腎臓は細かな計算が多いが、少しでも理論的に物事を考えられるようになりたい。


2016/05/28

Impressive

 以前に競走馬のことを書いたが、その馬の左腎はハート型をしている。なぜかは知らない。馬は優しい動物だからということにしておくか。重量に統計的な左右差はない(Anat Histol Embryol 2013 42 448;数値上は左が少し大きいが)。

 それはさておき、アメリカにImpressiveという名前の馬がいた。馬に詳しい人には説明はいらないだろうが、ImpressiveはAmerican quarter horseという短距離(quarterはquarter mileに由来する)、乗馬、ロデオなどに使われる品種で1969年に産まれ、競争馬としては怪我のために脱落したが肉付きが良いためHalter(breederたちが種牡馬としての優秀さを見定めるショー)で人気を博し、種牡馬として2500以上の仔を産ませた。

 ところが80年代にはいりImpressiveの産駒に原因不明の麻痺を繰り返すものが多発した。痙攣でもなく、ウマ運動性横紋筋融解症でもなく、意識もあるのに突然ガクンと脚が立たなくなり、ひどいと呼吸筋麻痺で死に至る。痛みもなく、馬もどうして立てないのかわからず混乱する。乗馬している人も落馬する可能性があるので危ない。

 いまではSCN4A遺伝子(神経筋接合部にあって再分極をおこすvoltage-gated Na channel Nav1.4をコード)のコドン変異によるとわかっている。この変異により筋は常に収縮していることになるが、再分極しにくく不応になると麻痺が起こる。とくに高K血症(トレーニング後、アルファルファなど高Kの餌を食べた時)があるとKの筋からの流出が妨げられより再分極しにくくなる。このためこの病気はhyperkalemic periodic paralysisと呼ばれる。治療には炭水化物食、利尿剤など(Kを下げる)が行われる。

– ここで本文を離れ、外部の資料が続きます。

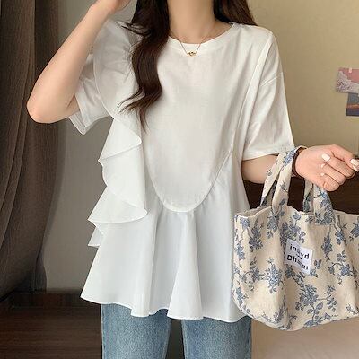 トップス 韓国ファッション フリルブラウス tシャツ ティーシャツ ティシャツ tシャツ 半袖 チュニック イレギュラー 体型カバー カットソー 韓国レディース半袖 大きいサ ロゴT

 常染色体優性遺伝でquarter horseの50頭に1頭の割合で生まれるが、その遺伝子変異がすべてImpressiveに行き着くと言われている。いまはホモ接合体を種牡馬にすることは禁じられていて、ヘテロ接合体についても各団体が登録抹消するかを検討しているが、業界としてはこの遺伝子を残したくないもののあまりにも数が多いので対応はまちまちなようだ。ただImpressiveの遺伝子すべてが抹消されるわけではない、あくまでもSCN4A遺伝子変異がH/H、H/Nなものだけだ。



2015/11/30

Weekend Without Water

 入院患者さんが十分な栄養を与えられず飢えて、ひょっとすると命を落としているという注意喚起は何十年も前からされている。しかしいまだに軽々しくそして不必要に長くNPOオーダーがだされている(doi:10.1136/bmjqs-2015-004395)。それもさることながら、入院患者さんがケアがゆきとどきにくい週末に十分な水分を与えられず月曜日にそろって高Na血症になる(なかには意識障害を伴うものも)というのもまずい。ひとつには「自由水をいれると体液過剰になる」という半ば恐水症のような意識が(とくに医師に)ある。あと経管栄養は100%が水分ではないということを知らない、という基本的なものもある。私は「高Na血症は拷問だ」と習った。口渇はとても苦しいし、高Na血症は(中枢性尿崩症でもない限り)医原性だからだ。というかthirst tortureという拷問が本当にある。私は患者さんが苦しんだり不利益を被るのをヘラヘラ見過ごすことはできないから、教育しなければならない。